The sound of his voice sent a wave of relief through me; I hadn’t realized how stressed out I had been. Or how lonely.

“Hello? Can you hear me?”

“Yeah,” I said. “Sorry. It’s been a long day.”

“Tell me about it.” He paused. “No, seriously. Actually tell me about it. Distract me from the napalm-and-raccoon-hair trash fire that is my life.”

I laughed. “Well, to start with, we got evicted from our trailer park.”

Ripley gasped. “Are you being serious right now? Or is this some weird Indiana country music reference I’m not getting?”

I snorted. “Serious. Apparently, we haven’t paid rent for like three months.”

“Holy shit. Where are you?”

“Walmart.”

“At ten thirty at night?”

I looked at my phone. “It’s one thirty-two a.m. where I . . . Oh, shit!”

“What is it?”

“I forgot my US History test. Fuck, fuck, fuck.”

“I thought your school was flexible about tests. You can’t just take it now?”

I slapped my hand against my forehead. “I can—it’s just . . . I lose a full a letter grade. And I have to maintain a three point oh to get into Harrison.”
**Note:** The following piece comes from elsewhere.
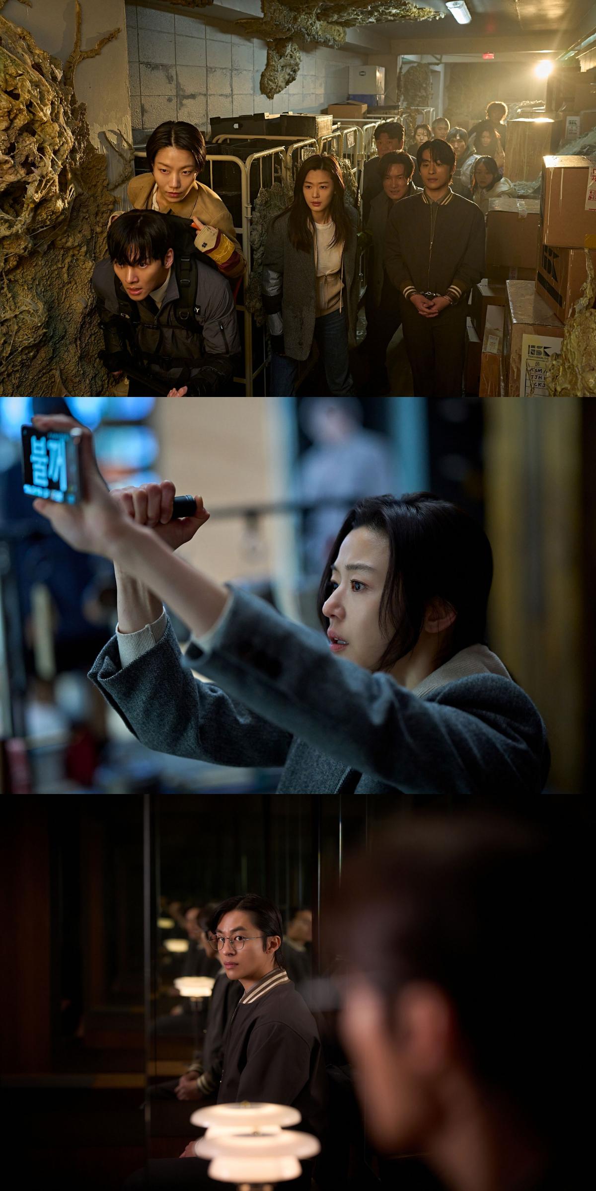 먼저, 휴대폰과 손전등을 든 채 절박한 표정으로 누군가를 바라보고 있는 권세정(전지현 분)의 모습이 눈길을 끈다. 휴대폰 속 글씨를 통해 그가 과연 누구에게 메시지를 전하고 있는 것인지, 그가 파악한 감염자들의 패턴은 무엇일지 호기심을 높인다.
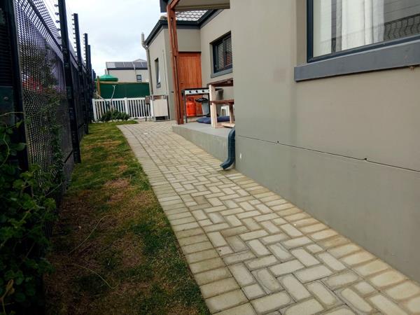 With 131m2 under roof, this north-facing house features an open-plan layout, modern finishes, and a light-filled living space with a built-in braai that flows effortlessly to a covered patio in the front and back perfect for entertaining or relaxing in your pet-friendly private garden.

“Right. Nursing school. Shit. What are you going to do?”

I wound a lock of hair around my finger and yanked. “I don’t know.”

I heard a scraping noise on the other end of the line, then some ominous thumps. Ripley liked to talk to me from the privacy of the little roof outside his window; I assumed he was crawling out there right now. I felt a sudden rush of envy that Ripley lived in an actual house.